Instructions for the task:
Would you set down the data that follows, word for word, without any pictures?

Dataset excerpt:
■ ■ ■ ■ ■
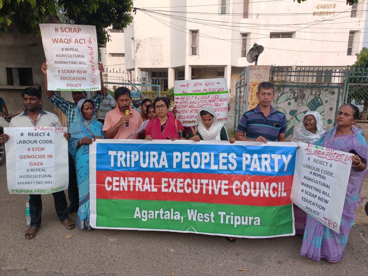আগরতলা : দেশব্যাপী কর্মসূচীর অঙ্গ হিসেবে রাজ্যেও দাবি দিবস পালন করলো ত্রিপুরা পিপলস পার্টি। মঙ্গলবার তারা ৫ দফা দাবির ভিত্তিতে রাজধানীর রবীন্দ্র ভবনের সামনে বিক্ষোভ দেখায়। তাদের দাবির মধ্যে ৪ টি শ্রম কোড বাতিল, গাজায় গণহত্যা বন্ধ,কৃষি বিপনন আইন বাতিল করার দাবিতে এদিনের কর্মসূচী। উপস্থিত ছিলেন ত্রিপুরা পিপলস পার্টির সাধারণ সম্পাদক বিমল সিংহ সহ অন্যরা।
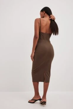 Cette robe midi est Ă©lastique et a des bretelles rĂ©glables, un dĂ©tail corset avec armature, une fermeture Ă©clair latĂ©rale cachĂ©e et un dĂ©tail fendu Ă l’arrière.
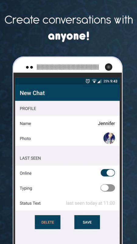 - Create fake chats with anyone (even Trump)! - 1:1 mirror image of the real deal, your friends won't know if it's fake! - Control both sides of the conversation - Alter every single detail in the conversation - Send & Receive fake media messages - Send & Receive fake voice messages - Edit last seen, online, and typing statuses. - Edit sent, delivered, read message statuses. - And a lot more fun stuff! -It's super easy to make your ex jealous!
■ ■ ■ ■ ■
Answer to the problem:
আগরতলা : দেশব্যাপী কর্মসূচীর অঙ্গ হিসেবে রাজ্যেও দাবি দিবস পালন করলো ত্রিপুরা পিপলস পার্টি। মঙ্গলবার তারা ৫ দফা দাবির ভিত্তিতে রাজধানীর রবীন্দ্র ভবনের সামনে বিক্ষোভ দেখায়। তাদের দাবির মধ্যে ৪ টি শ্রম কোড বাতিল, গাজায় গণহত্যা বন্ধ,কৃষি বিপনন আইন বাতিল করার দাবিতে এদিনের কর্মসূচী। উপস্থিত ছিলেন ত্রিপুরা পিপলস পার্টির সাধারণ সম্পাদক বিমল সিংহ সহ অন্যরা।
 Cette robe midi est Ă©lastique et a des bretelles rĂ©glables, un dĂ©tail corset avec armature, une fermeture Ă©clair latĂ©rale cachĂ©e et un dĂ©tail fendu Ă l’arrière.
 - Create fake chats with anyone (even Trump)! - 1:1 mirror image of the real deal, your friends won't know if it's fake! - Control both sides of the conversation - Alter every single detail in the conversation - Send & Receive fake media messages - Send & Receive fake voice messages - Edit last seen, online, and typing statuses. - Edit sent, delivered, read message statuses. - And a lot more fun stuff! -It's super easy to make your ex jealous!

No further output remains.